Using a local discrete Fourier analysis, one- and two-step iterative procedures are developed to solve a large class of 2-D and 3-D nonseparable elliptic partial differential equations (PDEs). The one-step procedure is a modified D'Yakanov-Gunn iterative procedure in which the relaxation factor is grid point dependent. The two-step procedure is designed to accelerate the one-step procedure. Both are easy to implement, and applicable to a variety of boundary conditions. They are also computationally efficient as indicated by the results of numerical comparisons with other established methods. Furthermore, these new algorithms possess two important properties which the traditional iterative methods lack, i.e., (i) the convergence rate is relatively insensitive to grid cell size and aspect ratio, and (ii) the convergence rate can be easily estimated using the coefficient of the PDE being solved.
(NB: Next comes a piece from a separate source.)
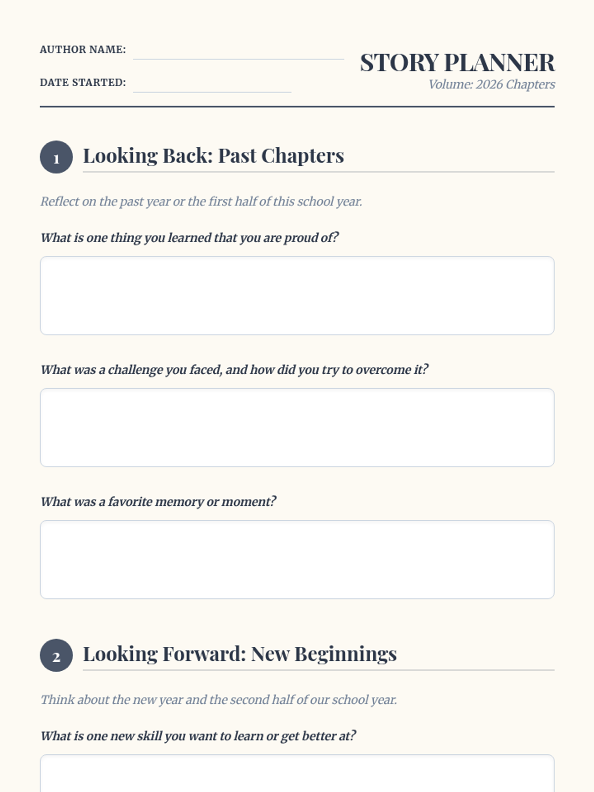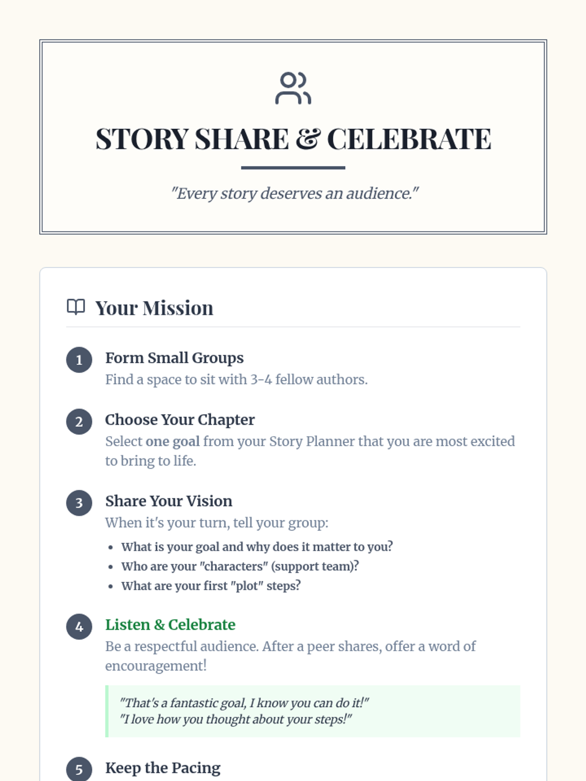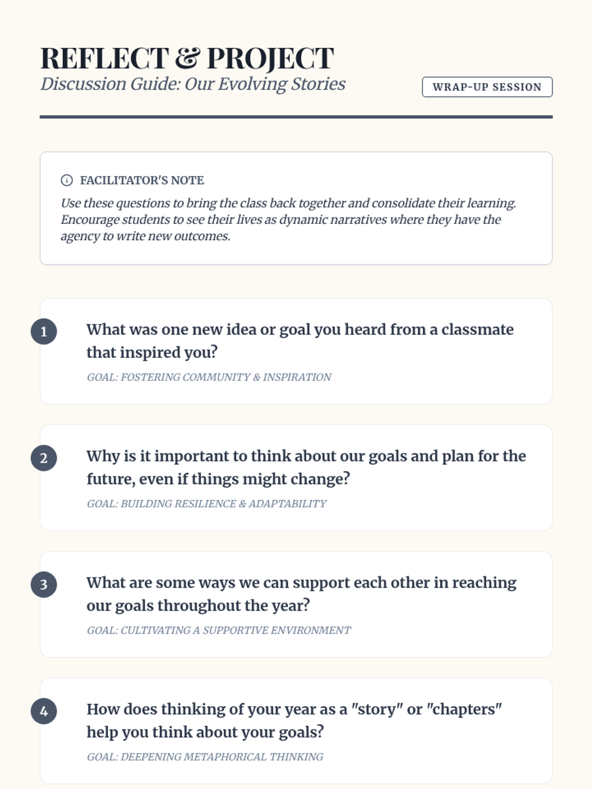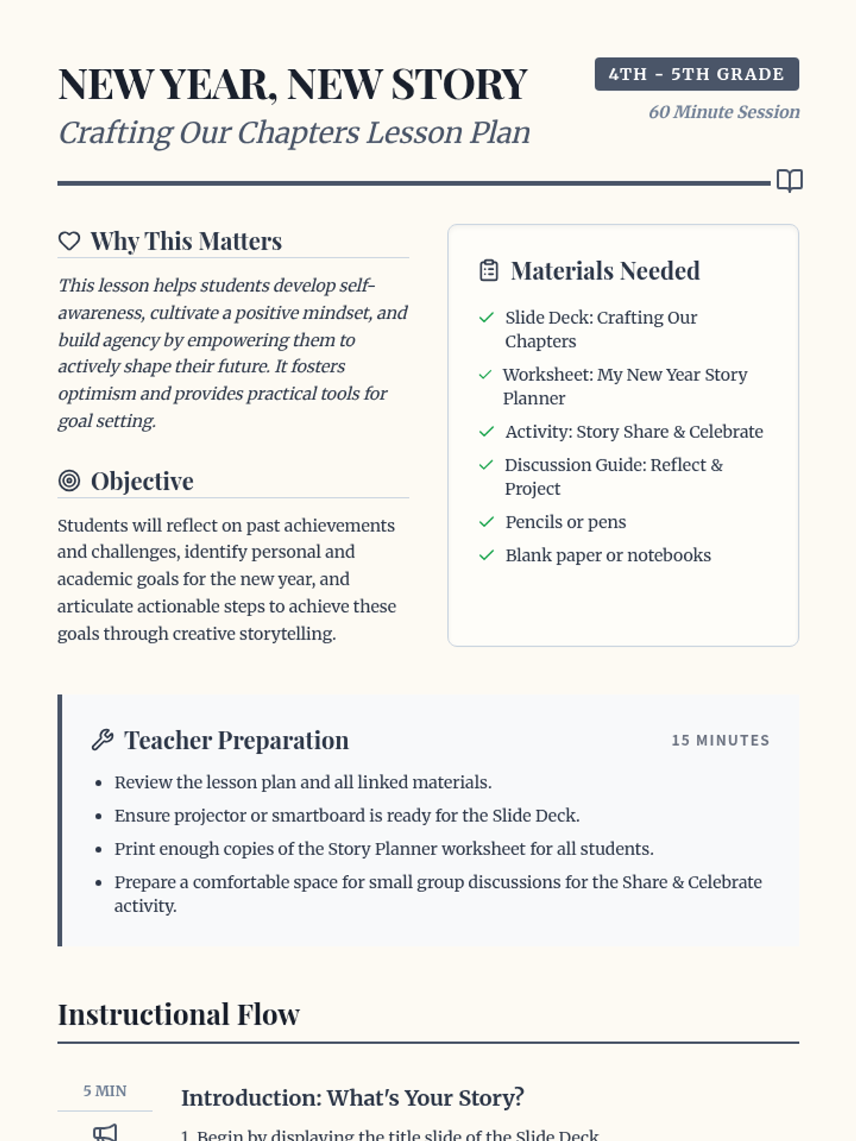 A 60-minute lesson for 4th and 5th graders focused on goal-setting through the metaphor of storytelling. Students reflect on past achievements and 'write' their future chapters by setting specific, actionable goals.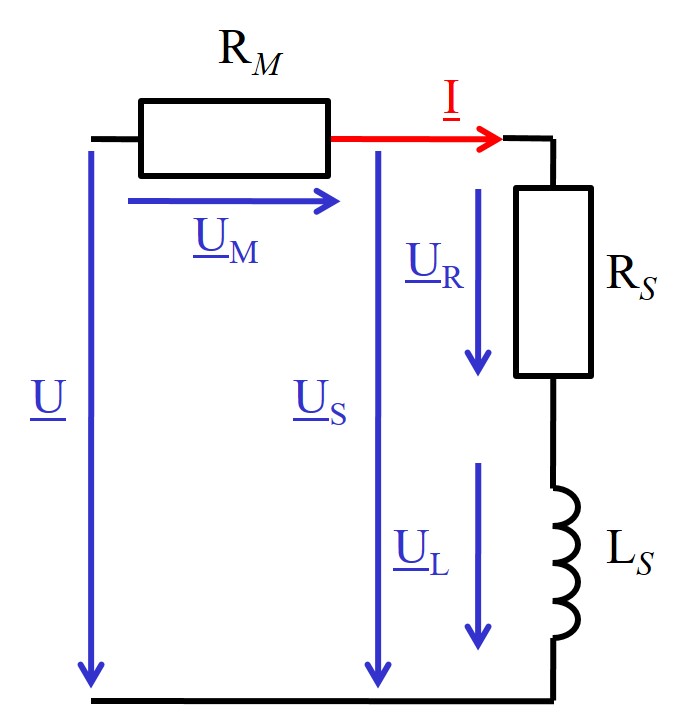 RM an Sinusspannung betrieben. Die Effektivwerte der Spannungen U, UM und Us werden gemessen; damit kann man die gesuchten Größen RS und LS berechnen. Name des Verfahrens: Messung von 3 Spannungen |

For a set of constant coefficient model problems, it is show theoretically that the two-step vs. one-step computational efficiency ratio ranges between 1 and 2. The higher ratio is realized whenever the need to accelerate the one-step procedure is greater, i.e., whenever its convergence rate is lower. It is also shown numerically that the two-step procedure can substantially outperform the one-step procedure in the numerical solution of many PDEs with variable coefficients.